| Autor: |
Salinas O; Chemistry, The University of Chicago, Chicago, Illinois, United States. jsanderson@uchicago.edu., Xie J; Chemistry, The University of Chicago, Chicago, Illinois, United States. jsanderson@uchicago.edu., Papoular RJ; Leon Brillouin Laboratory, French Alternative Energies and Atomic Energy Commission Saclay Institute of Matter and Radiation, IRAMIS/CEA-Saclay, Gif-sur-Yvette, Île-de-France, France., Horwitz NE; Chemistry, The University of Chicago, Chicago, Illinois, United States. jsanderson@uchicago.edu., Elkaim E; Synchrotron Soleil, GIF-sur-Yvette, France., Filatov AS; Chemistry, The University of Chicago, Chicago, Illinois, United States. jsanderson@uchicago.edu., Anderson JS; Chemistry, The University of Chicago, Chicago, Illinois, United States. jsanderson@uchicago.edu. |
| Abstrakt: |
One of the notable advantages of molecular materials is the ability to precisely tune structure, properties, and function via molecular substitutions. While many studies have demonstrated this principle with classic carboxylate-based coordination polymers, there are comparatively fewer examples where systematic changes to sulfur-based coordination polymers have been investigated. Here we present such a study on 1D coordination chains of redox-active Fe 4 S 4 clusters linked by methylated 1,4-benzene-dithiolates. A series of new Fe 4 S 4 -based coordination polymers were synthesized with either 2,5-dimethyl-1,4-benzenedithiol (DMBDT) or 2,3,5,6-tetramethyl-1,4-benzenedithiol (TMBDT).

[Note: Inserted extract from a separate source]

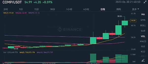 从今年 6 月 17 日到 6 月 30 日,作为 DeFi 1.0 龙头的 Comp从 27 USDT 一路升到最高点 59.5 USDT。尤其是 6 月 25 日到 6 月 30 日这六天,最大涨幅约在 100% 。如下图:
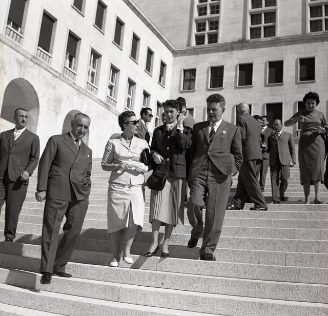 Congresso sulla laringologia nell'Aula magna dell'Università degli Studi, visita dei congressisti al museo Revoltella, ricevimento e ballo all'hotel Savoia Excelsior, visita alla raffineria Aquila.

The structures of these compounds have been characterized based on synchrotron X-ray powder diffraction while their chemical and physical properties have been characterized by techniques including X-ray photoelectron spectroscopy, cyclic voltammetry and UV-visible spectroscopy. Methylation results in the general trend of increasing electron-richness in the series, but the tetramethyl version exhibits unexpected properties arising from steric constraints. All these results highlight how substitutions on organic linkers can modulate electronic factors to fine-tune the electronic structures of metal-organic materials. |